Go therefore and make disciples of all nations...."
(Matthew 28:18,19)
Peter observes this sequence when he addresses the Jews shortly
after Jesus' ascension:
"You are the sons of the prophets and of the covenant which God gave
to your fathers, saying to Abraham, 'And in your posterity shall all
the families of the earth be blessed.' God, having raised up his
servant, sent him to you first, to bless you in turning every one of
you from your wickedness." (Acts 3:25,26)
Soon after, Paul and Barnabas echo only what Peter has indicated about
this sequence:
"It was necessary that the word of God should be spoken first to you.
Since you thrust it from you, and judge yourselves unworthy of eternal
life, behold, we turn to the Gentiles. For so the Lord has commanded
us, saying,
'I have set you to be a light for the Gentiles,
that you may bring salvation to the uttermost parts of the earth.'" (Acts 13:46,47)
Thus also the Letter to the Romans reads:
For I am not ashamed of the gospel: it is the power of God for salvation
to every one who has faith, to the Jew first and also to the Greek (Gentile).
(1:16; cf. 2:9,10)
This sequence, first to the Jew and then to the Gentile, is followed
consistently by the early Church, as reported in the Book of Acts. No doubt,
members of the early Church, composed of sons and daughters of Abraham,
disputed among themselves about the position of the Gentiles in this new
community. Yet the dispute focussed more on the conditions to be laid upon
convert Gentiles (e.g., should they be circumcised?) than on the need to
witness to them. Indeed the Book of Acts exhibits a vigorous Christian
ministry among Samaritans and Gentiles. As this ministry antedates the
conversion of St. Paul, it is clear - contrary to the opinion held by
some Muslims - that St. Paul did not initiate Christian mission among
Gentiles, however much he contributed to it.13
II. Quranic Considerations
Why some Muslims have selected and isolated the "limiting texts"
of Jesus' ministry without reference to a multitude of other texts which
indicate His eventual ministry among the Gentiles is best known to them
and God. Presumably their purpose is to contrast Islam as a universal
religion with Christianity as a national religion. The previous Scriptures,
they might say, have been lost or at least thoroughly distorted. At best,
they might continue, only parts of these Scriptures remain; from these
remnants it is evident that Jesus was sent only - "only" in an absolute,
not a relative, sense - to the lost sheep of the house of Israel; on the
other hand, of all Holy Scriptures the Qur'an alone has been preserved
by God in its pristine purity and therefore it alone, as it also testifies,
can be truly universal.
Yet, apart from numerous passages in the Qur'an which point to the
integrity and existence of previous Scriptures*, what does the Qur'an
actually say in reference to our topic? Our response to this question
will be brief.
True, the Qur'an speaks about Jesus' mission to the Children of Israel
(3:49; 61:6). Yet it appears that the Qur'an uses Jesus as an example
for Arab unbelievers also:
And when the son of Mary is quoted as an example,
behold! the folk laugh out .... (43:57)
It also says about Jesus:
And (it will be) that we may make of him (Jesus) a revelation for
mankind and a mercy from Us, and it is a thing ordained. (19:21)14
Jesus' mission is to the Children of Israel. He is a revelation for mankind also.

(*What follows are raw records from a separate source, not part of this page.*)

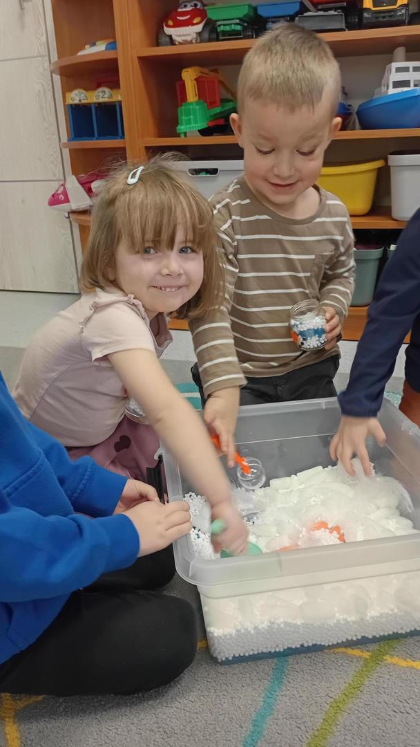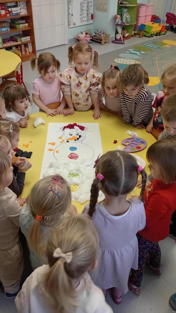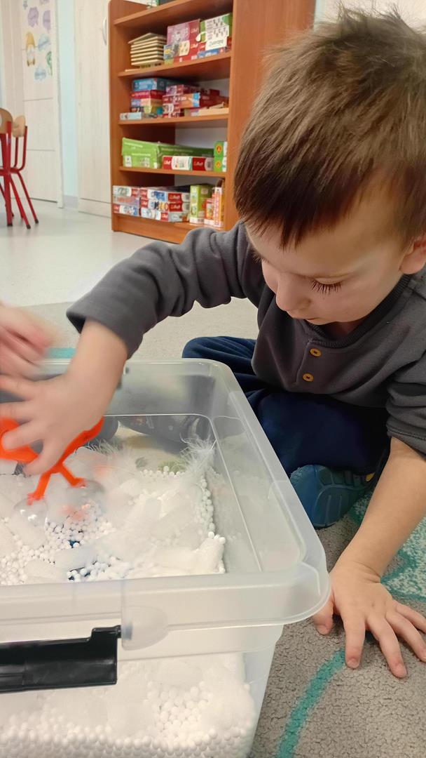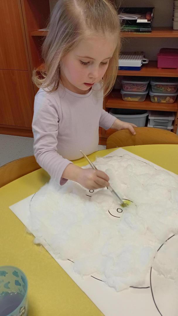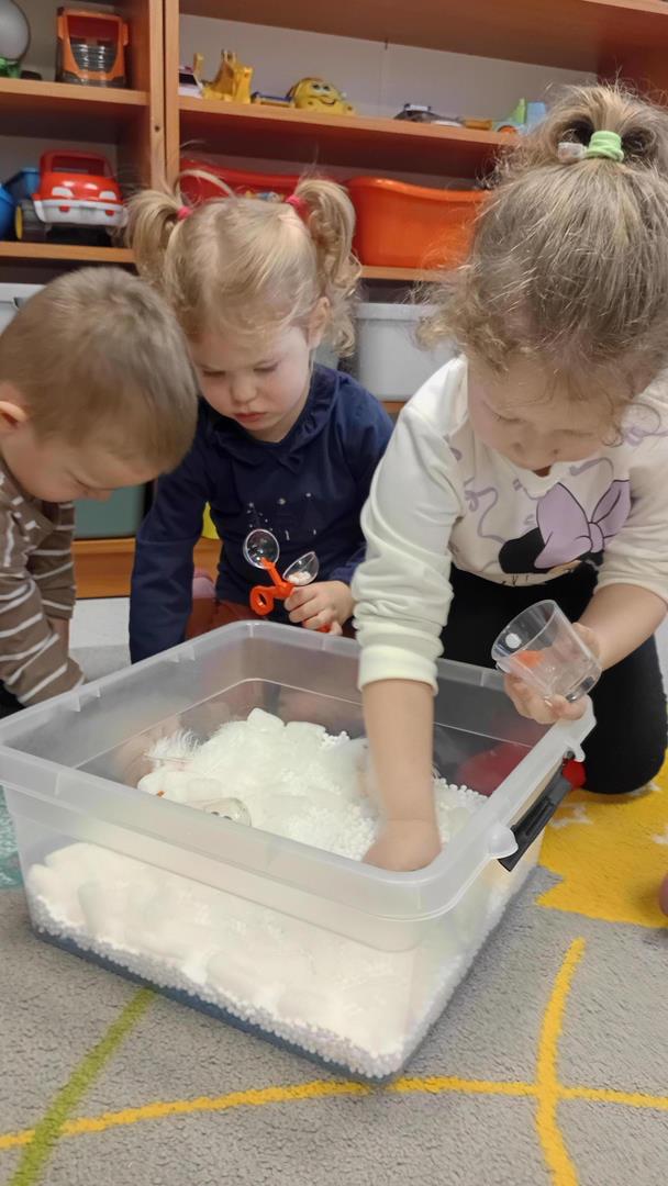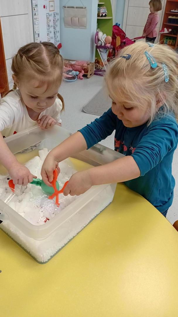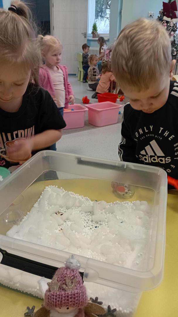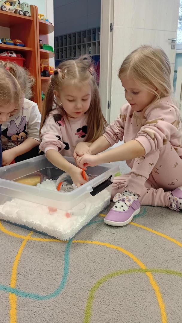 Dzieci uczestniczyły w zabawach sensorycznych z wykorzystaniem kuleczek styropianowych oraz niebieskiego ryżu. Przesypywały materiały, dotykały ich dłońmi oraz porównywały różne faktury. Zabawy sprzyjały rozwijaniu motoryki małej, koncentracji. Wykonały grupową pracę plastyczną pt. „Bałwanek z waty”. Przyklejały watę na kartkę, tworząc wspólną postać bałwanka, a następnie ozdabiały go dodatkowymi elementami. Praca rozwijała sprawność manualną oraz kreatywność dzieci jak również współpracę.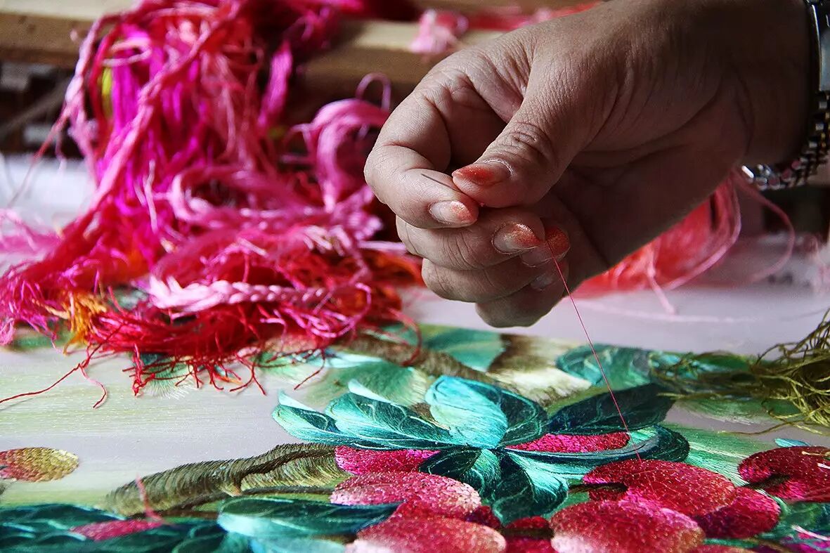 陈氏绣法在广绣步入没落的岁月里,创造性地传承了广绣中西贯通的文化渊源,对于学过西方油画并继承着陈氏绣法的谭展鹏、黄敏健夫妇来说,在现在这个时代,少说多做,“拥有足够的耐心才能让一切变得更好”。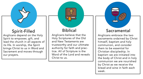 Distinctive features of Anglican beliefs can be found in the Book of Common Prayer which includes the Thirty-Nine Articles. Above all, Anglicans believe that the life, death, and resurrection of Jesus Christ is the gospel that sets people free, renews our broken world, and thus is central to every aspect of life and ministry. Our relationship with Christ grows as we encounter him in Scripture, Sacraments, Spirit, and Service: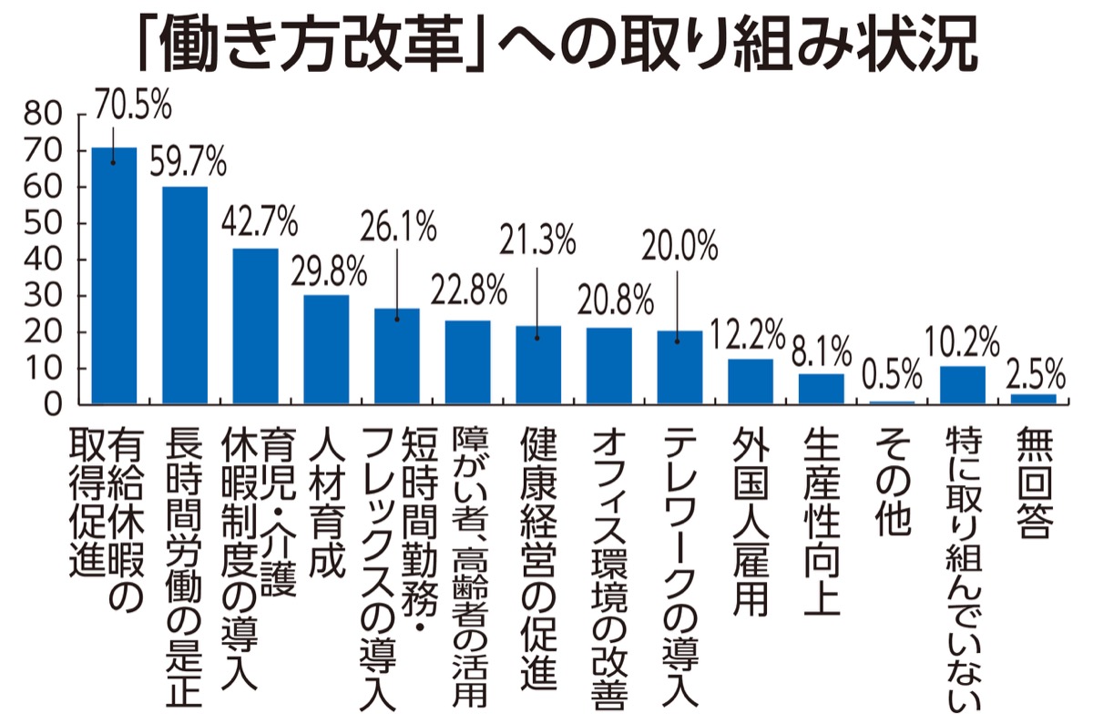 また「働き方改革」の取り組みは、「有給休暇の取得促進」(70・5%)や「長時間労働の是正」(59・7%)を多くの企業が進めているほか、「短時間勤務・フレックスの導入」(26・1%)や「テレワークの導入」(20%)など、多様な働き方を取り入れる企業も一定数確認された。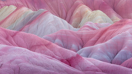 Close-up view of layered, colorful hills exhibiting varied textures and hues of pink, pale red, white, and gray. The surface texture displays a wrinkled, undulating appearance characteristic of geological formations.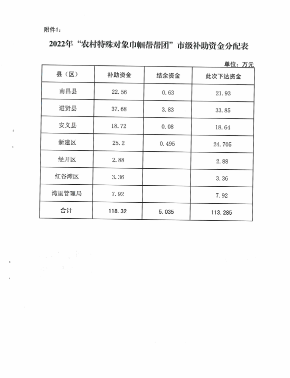 关于下拨2022年“农村特殊对象巾帼棒棒团”市级补助资金的通知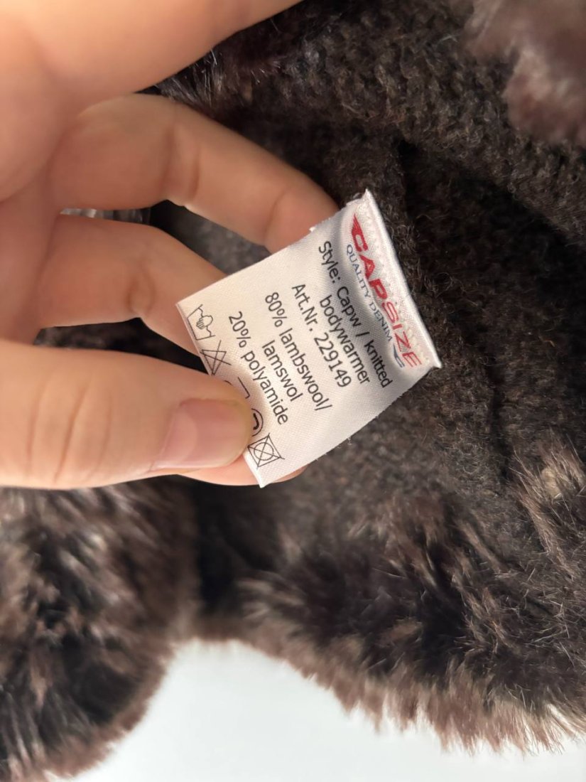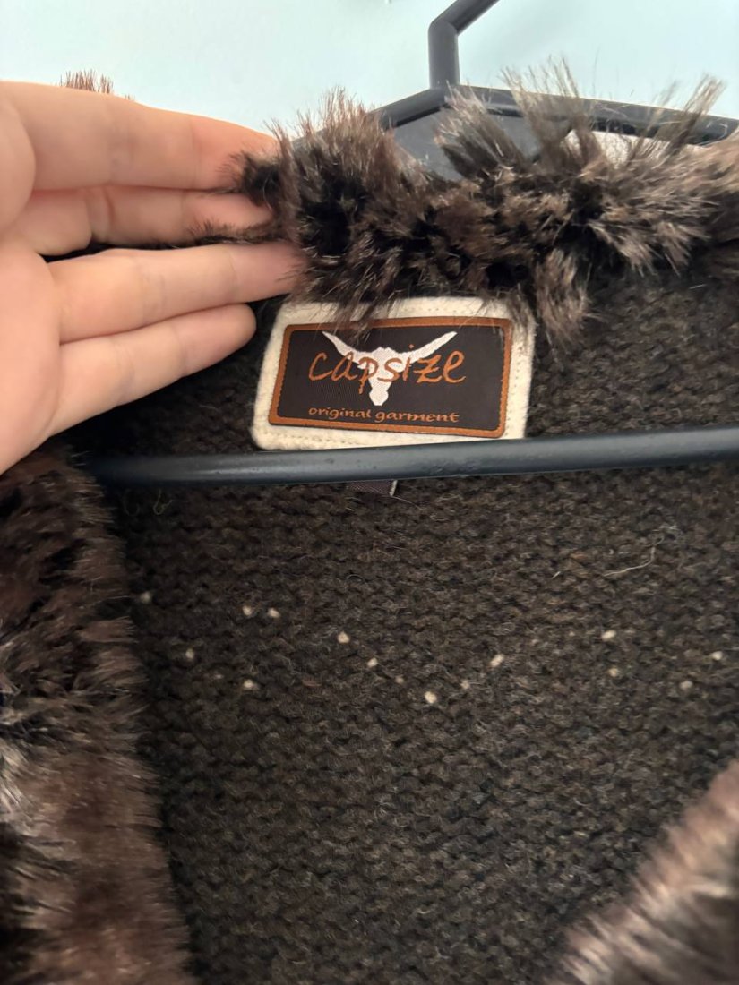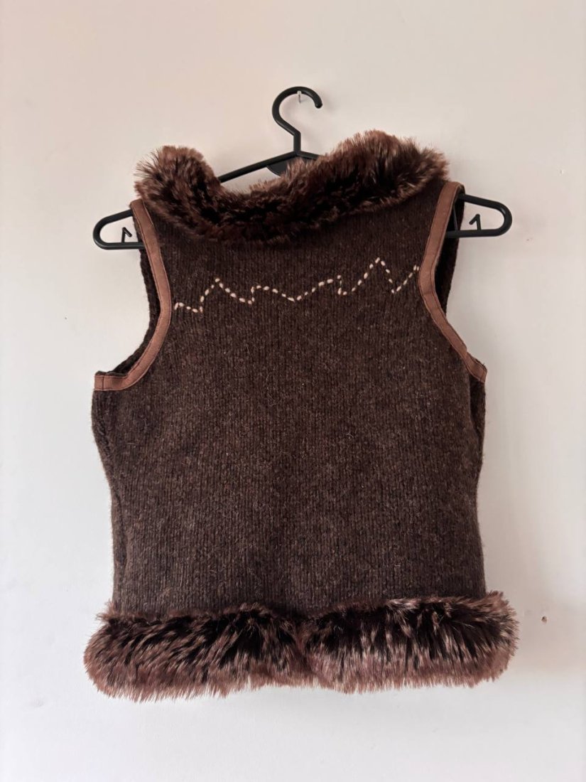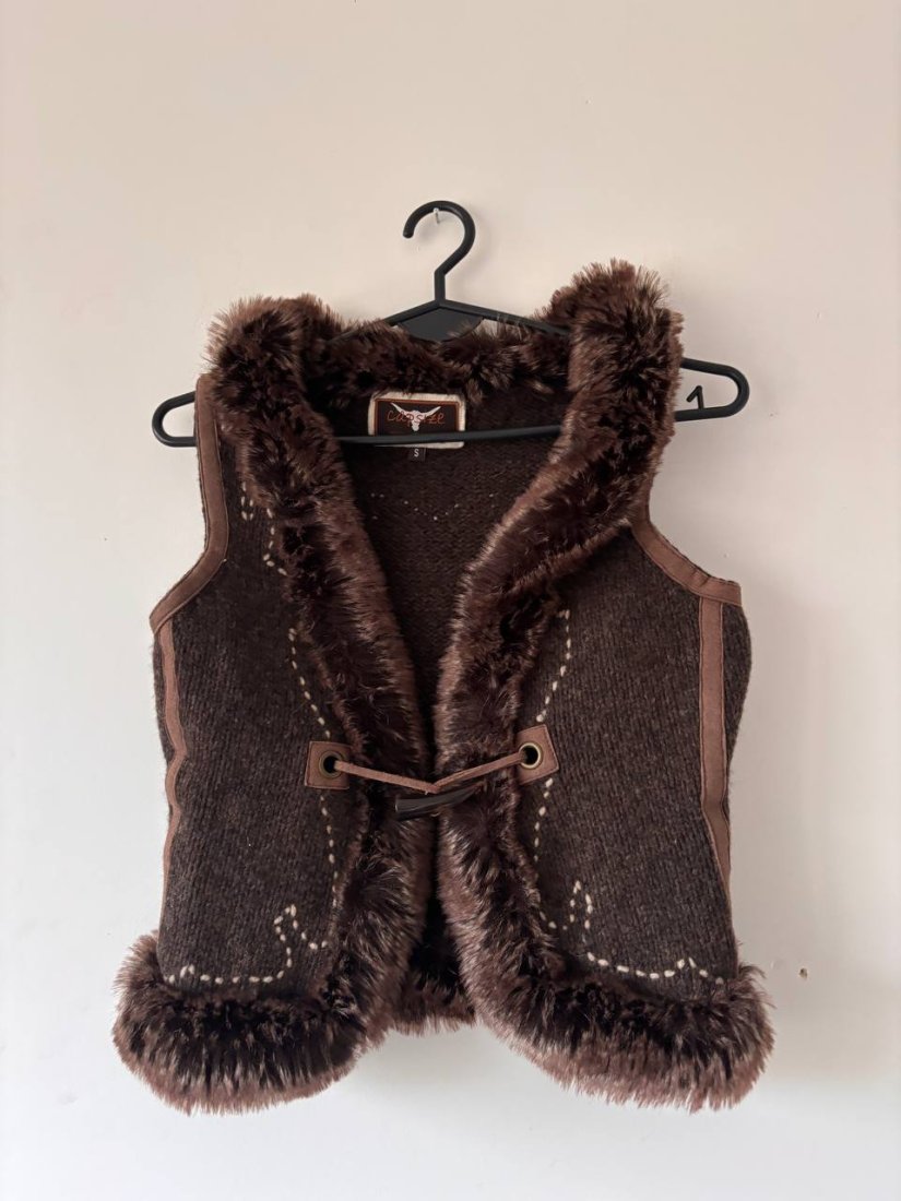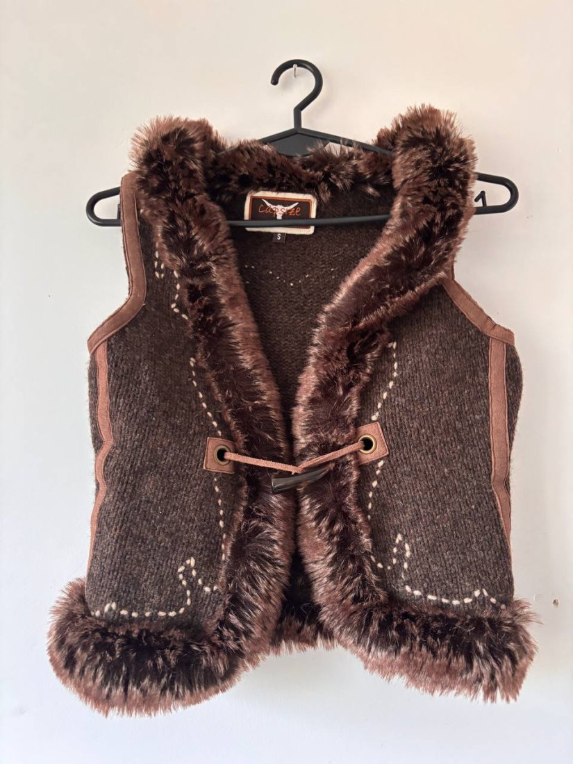 faux fur vest, winter vest, brown vest, wool vest, lambswool, warm vest, boho vest, rustic vest, cozy vest, women’s vest, sleeveless jacket, faux fur trim, vintage style, soft vest, warm clothing, winter fashion, short vest, brown clothing, boho clothing, rustic style, winter outfit, layering piece, warm outerwear, brown faux fur, cozy fashion, Capsize vest, size S, wool blend, fluffy vest, soft winter vest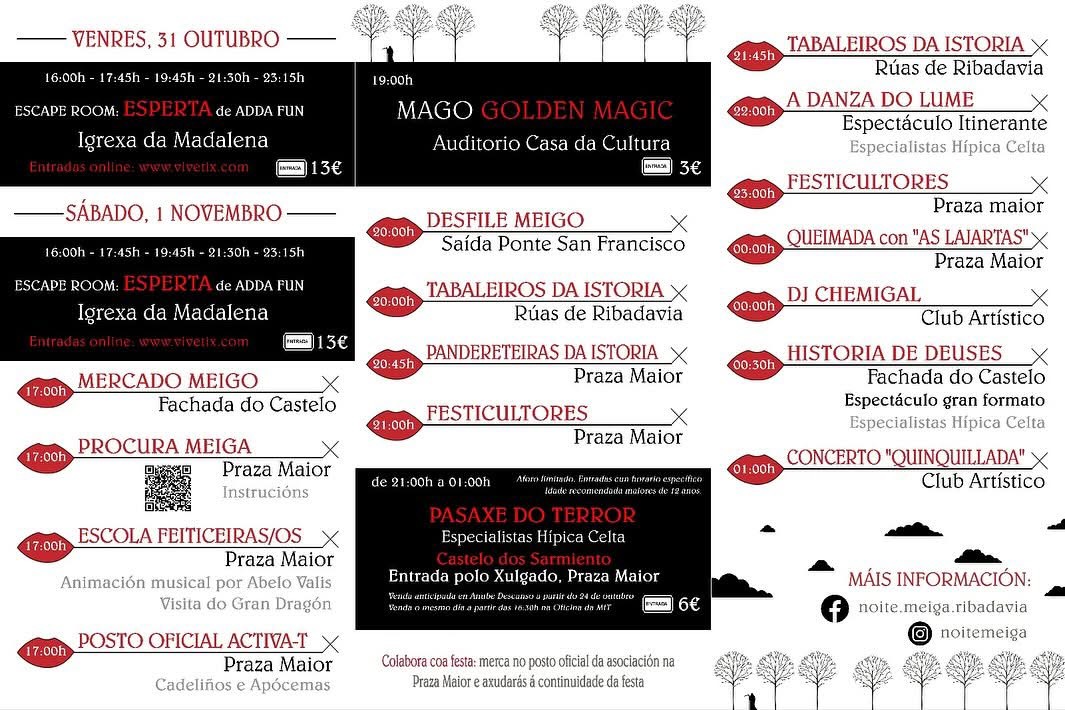 Entre los grandes atractivos de la programación destacan el Pasaje del Terror en el Castillo de los Sarmiento, el Desfile Meigo, los conciertos de Festicultores y Quinquillada, así como las tradicionales pandereteiras y la emblemática Queimada con As Lajartas.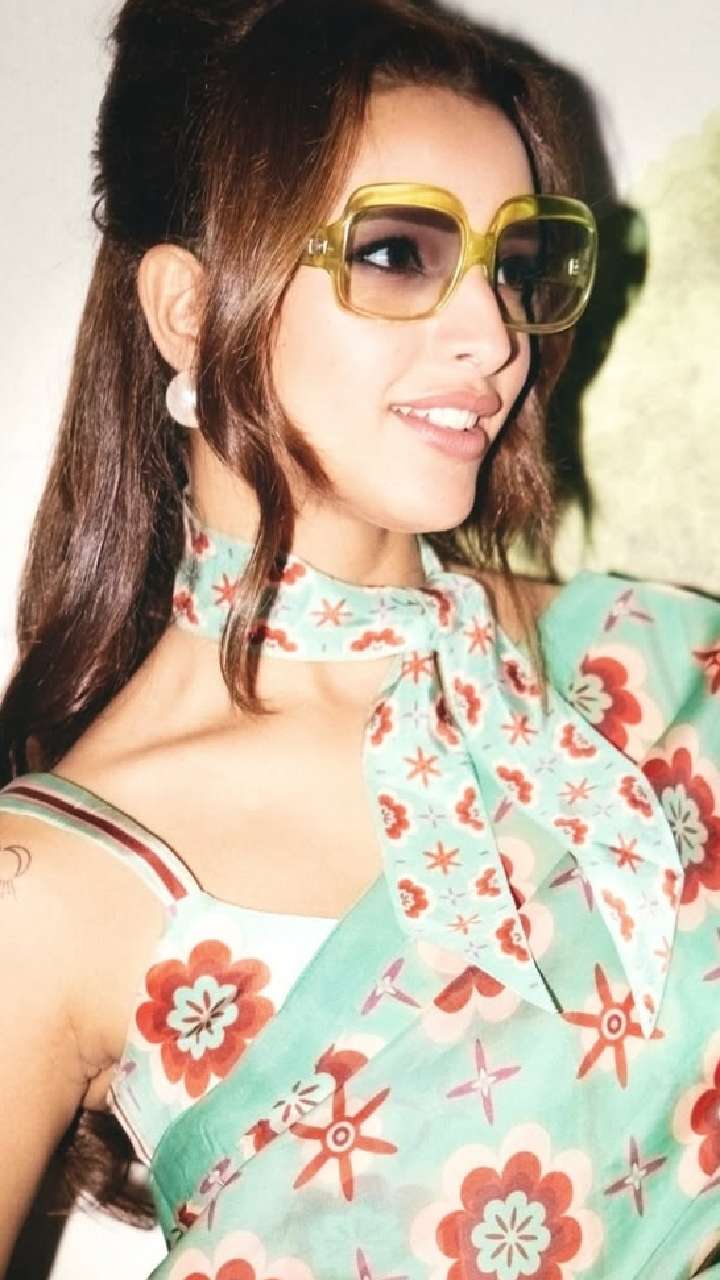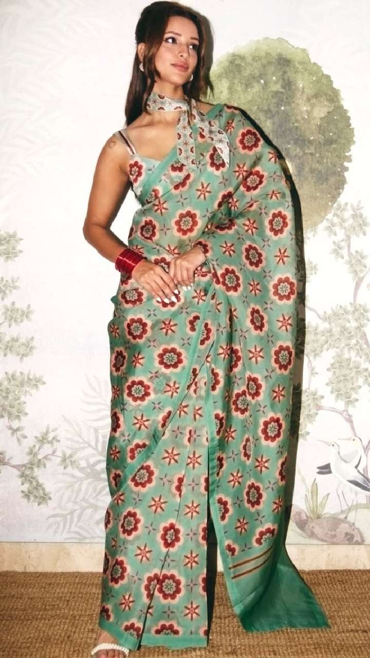 इसमें तृप्ति डिमरी ने पिता ग्रीन कलर की प्रिंटेड साड़ी पहनी हुई है। इस साड़ी को उन्होंने रेट्रो बॉलीवुड स्टाइल में पहना हुआ है, जिसमें वो काफी ज्यादा जच रही हैं।

Likewise the previous Scriptures, though revealed at particular places,
in particular times and to a particular people, have a broader application:
And (remember) when Allah laid a charge on those who had received the
Scriptures (He said): Ye are to expound it to mankind and not hide it. (3:187)
He hath revealed unto thee (Muhammad) the Scripture with truth, confirming
that which was (revealed) before it, even as He revealed the Torah and
the Gospel aforetime, for a guidance to mankind; and hath revealed the
Criterion (of right and wrong). Lo! those who disbelieve the revelations
of Allah, theirs will be a heavy doom. Allah is Mighty, Able to requite
(the wrong). (3:3,4)
The Torah and the Gospel, like Jesus, are revelations for mankind.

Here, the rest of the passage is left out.